■ WORK ITEM ■
Among the records below, which lines contain the string "aber"? Report them.

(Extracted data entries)
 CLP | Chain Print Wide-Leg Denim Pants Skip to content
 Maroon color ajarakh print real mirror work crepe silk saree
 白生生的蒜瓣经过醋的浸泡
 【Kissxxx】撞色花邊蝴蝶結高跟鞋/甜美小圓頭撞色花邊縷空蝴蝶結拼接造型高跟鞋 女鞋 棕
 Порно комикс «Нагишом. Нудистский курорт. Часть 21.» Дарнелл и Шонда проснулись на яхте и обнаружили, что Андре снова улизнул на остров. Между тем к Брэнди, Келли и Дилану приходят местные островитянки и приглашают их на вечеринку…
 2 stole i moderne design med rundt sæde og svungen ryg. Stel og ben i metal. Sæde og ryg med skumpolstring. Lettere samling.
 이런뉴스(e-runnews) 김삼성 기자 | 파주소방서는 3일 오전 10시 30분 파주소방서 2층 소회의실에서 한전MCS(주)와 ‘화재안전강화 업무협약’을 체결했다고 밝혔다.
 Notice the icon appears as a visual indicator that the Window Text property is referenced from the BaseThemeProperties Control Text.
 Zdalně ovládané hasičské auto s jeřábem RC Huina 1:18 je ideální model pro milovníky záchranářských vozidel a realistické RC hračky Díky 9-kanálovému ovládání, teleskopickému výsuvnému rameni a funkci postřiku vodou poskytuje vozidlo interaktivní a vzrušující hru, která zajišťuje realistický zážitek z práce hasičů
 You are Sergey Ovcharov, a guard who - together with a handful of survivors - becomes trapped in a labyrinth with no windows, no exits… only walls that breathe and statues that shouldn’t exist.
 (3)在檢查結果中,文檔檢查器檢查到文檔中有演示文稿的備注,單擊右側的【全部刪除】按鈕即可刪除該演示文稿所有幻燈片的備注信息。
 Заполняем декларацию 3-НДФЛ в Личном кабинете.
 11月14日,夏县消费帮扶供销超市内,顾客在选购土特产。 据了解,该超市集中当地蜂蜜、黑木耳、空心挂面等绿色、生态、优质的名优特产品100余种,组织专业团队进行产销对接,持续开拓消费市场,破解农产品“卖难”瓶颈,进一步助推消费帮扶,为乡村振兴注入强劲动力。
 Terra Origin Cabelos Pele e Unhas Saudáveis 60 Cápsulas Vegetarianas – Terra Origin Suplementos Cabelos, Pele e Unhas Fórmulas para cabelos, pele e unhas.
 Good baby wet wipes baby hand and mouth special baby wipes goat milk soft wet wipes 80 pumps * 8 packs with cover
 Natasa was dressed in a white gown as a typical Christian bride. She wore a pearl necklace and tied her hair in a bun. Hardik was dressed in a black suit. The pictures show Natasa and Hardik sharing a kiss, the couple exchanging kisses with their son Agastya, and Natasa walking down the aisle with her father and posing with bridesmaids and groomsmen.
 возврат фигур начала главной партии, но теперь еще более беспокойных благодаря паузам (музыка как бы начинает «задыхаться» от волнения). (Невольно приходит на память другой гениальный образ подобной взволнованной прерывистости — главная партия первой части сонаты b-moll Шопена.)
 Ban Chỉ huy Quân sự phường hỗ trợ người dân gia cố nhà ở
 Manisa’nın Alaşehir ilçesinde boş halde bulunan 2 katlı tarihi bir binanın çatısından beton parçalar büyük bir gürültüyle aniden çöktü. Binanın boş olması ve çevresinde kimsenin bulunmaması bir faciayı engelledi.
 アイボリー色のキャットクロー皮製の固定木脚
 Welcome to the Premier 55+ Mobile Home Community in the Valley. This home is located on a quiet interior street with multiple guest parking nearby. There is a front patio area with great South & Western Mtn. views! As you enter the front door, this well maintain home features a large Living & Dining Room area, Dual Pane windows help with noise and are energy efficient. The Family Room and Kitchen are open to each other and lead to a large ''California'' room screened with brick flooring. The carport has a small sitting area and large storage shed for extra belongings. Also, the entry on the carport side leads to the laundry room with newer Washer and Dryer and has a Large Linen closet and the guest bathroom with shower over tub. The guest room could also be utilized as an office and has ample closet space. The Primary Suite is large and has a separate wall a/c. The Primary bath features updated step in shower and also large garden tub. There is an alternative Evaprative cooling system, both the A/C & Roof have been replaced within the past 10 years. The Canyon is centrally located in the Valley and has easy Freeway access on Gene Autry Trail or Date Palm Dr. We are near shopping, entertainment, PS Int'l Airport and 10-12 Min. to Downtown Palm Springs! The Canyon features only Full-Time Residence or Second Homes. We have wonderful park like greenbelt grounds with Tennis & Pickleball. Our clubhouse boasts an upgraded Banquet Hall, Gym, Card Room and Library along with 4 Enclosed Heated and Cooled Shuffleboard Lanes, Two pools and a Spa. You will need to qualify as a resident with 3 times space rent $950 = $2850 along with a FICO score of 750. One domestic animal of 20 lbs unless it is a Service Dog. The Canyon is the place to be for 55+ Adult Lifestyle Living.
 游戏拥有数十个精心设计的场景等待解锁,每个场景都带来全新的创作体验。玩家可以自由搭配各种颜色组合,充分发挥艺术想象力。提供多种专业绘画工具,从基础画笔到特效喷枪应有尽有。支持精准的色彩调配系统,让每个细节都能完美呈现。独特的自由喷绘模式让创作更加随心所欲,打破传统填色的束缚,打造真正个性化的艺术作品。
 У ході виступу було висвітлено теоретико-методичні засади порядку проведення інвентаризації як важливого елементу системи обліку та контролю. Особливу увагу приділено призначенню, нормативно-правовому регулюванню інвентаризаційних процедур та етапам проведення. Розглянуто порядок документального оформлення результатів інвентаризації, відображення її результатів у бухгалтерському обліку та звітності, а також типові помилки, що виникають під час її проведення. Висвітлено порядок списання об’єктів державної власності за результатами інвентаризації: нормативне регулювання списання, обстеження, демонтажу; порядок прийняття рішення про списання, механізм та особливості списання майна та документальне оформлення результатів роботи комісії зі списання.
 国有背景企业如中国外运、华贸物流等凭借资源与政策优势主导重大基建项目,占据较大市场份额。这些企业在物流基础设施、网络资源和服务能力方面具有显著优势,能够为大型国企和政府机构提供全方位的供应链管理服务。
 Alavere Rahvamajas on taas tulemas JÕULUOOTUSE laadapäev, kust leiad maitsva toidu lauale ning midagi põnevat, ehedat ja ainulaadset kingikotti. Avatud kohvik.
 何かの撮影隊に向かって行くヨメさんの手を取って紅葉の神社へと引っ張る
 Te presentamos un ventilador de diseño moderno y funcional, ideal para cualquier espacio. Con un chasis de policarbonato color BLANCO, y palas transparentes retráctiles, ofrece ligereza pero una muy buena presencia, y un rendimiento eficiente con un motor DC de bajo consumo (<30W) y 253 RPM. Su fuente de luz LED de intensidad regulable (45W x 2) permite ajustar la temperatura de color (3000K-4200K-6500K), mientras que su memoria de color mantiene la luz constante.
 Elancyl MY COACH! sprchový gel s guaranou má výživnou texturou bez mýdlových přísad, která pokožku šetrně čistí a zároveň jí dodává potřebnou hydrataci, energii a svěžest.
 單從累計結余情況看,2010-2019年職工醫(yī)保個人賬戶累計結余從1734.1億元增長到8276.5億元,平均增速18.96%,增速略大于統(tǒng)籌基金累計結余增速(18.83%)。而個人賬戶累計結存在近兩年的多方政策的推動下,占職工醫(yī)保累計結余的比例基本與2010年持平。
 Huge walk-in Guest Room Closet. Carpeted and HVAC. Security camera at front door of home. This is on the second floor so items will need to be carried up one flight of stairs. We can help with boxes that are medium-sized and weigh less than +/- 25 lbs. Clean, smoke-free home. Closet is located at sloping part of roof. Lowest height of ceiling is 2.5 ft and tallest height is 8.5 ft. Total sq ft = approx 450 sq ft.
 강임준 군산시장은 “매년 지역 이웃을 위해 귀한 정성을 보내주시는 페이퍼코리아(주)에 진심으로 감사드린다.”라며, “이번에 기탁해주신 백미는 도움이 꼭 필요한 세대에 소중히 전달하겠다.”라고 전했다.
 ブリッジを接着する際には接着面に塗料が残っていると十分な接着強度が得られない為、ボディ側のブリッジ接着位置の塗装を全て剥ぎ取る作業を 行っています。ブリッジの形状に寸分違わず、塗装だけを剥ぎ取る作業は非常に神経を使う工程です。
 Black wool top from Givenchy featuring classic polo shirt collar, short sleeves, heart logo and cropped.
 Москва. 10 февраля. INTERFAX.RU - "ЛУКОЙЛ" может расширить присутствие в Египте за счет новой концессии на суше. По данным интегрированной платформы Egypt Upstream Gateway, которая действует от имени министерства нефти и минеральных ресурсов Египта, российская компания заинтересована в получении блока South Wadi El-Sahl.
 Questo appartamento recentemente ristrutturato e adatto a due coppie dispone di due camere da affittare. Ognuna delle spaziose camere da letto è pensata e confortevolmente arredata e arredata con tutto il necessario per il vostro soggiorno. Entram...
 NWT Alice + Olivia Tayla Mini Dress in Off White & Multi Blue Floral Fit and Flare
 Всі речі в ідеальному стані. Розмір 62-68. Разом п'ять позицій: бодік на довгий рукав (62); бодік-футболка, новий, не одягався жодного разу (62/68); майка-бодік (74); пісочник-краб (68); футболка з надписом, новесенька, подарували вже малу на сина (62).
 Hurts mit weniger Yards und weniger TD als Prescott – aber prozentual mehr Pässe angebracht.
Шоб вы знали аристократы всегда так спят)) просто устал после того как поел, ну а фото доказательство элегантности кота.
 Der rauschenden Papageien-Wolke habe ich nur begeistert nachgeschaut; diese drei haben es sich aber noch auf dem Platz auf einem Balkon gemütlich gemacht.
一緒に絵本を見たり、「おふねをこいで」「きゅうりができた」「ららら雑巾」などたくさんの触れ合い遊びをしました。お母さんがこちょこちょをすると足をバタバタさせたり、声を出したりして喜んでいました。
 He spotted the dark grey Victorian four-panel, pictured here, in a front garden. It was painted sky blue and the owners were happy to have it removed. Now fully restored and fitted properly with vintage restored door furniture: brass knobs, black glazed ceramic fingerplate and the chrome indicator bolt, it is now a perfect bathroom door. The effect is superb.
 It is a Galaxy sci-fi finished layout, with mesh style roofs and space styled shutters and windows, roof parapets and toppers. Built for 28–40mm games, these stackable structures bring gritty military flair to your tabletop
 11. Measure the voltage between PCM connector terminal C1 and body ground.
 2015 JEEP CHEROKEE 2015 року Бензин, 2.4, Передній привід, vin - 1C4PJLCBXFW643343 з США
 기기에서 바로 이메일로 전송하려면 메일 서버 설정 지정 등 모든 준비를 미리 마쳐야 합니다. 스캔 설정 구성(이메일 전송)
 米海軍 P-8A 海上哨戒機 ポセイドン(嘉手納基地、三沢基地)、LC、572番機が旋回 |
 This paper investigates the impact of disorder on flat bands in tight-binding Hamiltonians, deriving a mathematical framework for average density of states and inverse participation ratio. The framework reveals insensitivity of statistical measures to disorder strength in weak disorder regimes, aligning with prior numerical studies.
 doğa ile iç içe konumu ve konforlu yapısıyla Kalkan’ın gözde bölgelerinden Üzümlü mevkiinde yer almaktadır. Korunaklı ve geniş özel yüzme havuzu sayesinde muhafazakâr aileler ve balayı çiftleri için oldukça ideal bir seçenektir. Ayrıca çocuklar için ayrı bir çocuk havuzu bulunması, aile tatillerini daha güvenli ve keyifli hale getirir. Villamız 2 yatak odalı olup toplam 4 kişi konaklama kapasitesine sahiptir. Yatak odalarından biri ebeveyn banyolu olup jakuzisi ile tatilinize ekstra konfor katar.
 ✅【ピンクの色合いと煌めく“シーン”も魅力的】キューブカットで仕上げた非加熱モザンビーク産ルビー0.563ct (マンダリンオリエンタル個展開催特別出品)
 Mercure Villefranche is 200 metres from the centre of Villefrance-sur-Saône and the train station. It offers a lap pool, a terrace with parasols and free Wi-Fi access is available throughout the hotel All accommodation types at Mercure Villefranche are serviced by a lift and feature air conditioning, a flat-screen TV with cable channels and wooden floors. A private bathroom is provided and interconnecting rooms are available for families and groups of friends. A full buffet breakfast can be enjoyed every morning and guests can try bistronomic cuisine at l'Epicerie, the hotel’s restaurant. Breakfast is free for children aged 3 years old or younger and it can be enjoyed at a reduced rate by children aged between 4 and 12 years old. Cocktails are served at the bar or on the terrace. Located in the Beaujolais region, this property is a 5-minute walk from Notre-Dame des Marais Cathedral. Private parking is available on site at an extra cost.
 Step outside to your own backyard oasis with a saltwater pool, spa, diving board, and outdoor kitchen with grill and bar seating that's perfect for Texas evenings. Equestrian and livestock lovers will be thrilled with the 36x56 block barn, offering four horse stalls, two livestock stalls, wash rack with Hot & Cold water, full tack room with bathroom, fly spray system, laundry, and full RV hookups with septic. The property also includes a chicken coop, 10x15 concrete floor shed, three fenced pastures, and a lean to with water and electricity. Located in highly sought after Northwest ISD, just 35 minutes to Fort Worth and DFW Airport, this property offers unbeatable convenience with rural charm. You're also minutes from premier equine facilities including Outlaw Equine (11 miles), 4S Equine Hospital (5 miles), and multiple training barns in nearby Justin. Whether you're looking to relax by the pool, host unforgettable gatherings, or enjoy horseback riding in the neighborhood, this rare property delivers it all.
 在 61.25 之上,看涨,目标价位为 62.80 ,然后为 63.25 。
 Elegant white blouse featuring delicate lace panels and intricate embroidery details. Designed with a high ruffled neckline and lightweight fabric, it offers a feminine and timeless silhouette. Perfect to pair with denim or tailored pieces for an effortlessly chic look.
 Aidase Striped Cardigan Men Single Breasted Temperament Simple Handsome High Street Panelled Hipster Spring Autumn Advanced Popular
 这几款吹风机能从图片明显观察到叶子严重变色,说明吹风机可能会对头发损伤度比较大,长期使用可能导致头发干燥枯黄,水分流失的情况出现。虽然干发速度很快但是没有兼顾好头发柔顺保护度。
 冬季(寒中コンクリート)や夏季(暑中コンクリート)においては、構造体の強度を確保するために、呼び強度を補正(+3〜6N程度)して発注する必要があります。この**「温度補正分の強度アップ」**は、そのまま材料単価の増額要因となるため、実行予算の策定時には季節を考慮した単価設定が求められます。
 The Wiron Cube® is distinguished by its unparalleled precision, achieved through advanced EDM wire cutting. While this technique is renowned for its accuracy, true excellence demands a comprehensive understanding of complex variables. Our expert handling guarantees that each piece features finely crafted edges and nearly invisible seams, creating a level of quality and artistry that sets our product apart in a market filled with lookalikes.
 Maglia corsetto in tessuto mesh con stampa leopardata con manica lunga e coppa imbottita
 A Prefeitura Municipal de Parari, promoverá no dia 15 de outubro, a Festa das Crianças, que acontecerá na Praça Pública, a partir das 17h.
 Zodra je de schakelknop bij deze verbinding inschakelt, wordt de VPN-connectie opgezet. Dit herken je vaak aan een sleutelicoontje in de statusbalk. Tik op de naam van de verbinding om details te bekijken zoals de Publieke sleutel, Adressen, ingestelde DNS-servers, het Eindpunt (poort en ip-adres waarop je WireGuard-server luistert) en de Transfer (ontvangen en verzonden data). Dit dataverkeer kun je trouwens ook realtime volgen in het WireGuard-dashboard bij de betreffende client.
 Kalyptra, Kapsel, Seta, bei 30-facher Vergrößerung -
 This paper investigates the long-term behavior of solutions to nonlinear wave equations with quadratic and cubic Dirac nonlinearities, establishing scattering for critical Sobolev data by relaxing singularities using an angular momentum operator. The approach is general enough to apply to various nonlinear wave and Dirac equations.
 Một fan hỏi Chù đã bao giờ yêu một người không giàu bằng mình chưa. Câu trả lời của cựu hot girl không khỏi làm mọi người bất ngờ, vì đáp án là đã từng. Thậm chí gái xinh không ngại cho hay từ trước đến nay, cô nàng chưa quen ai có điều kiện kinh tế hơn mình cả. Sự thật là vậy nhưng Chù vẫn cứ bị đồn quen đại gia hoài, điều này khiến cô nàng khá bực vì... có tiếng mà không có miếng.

■ EXERCISE RESPONSE ■
 Hurts mit weniger Yards und weniger TD als Prescott – aber prozentual mehr Pässe angebracht.
 Der rauschenden Papageien-Wolke habe ich nur begeistert nachgeschaut; diese drei haben es sich aber noch auf dem Platz auf einem Balkon gemütlich gemacht.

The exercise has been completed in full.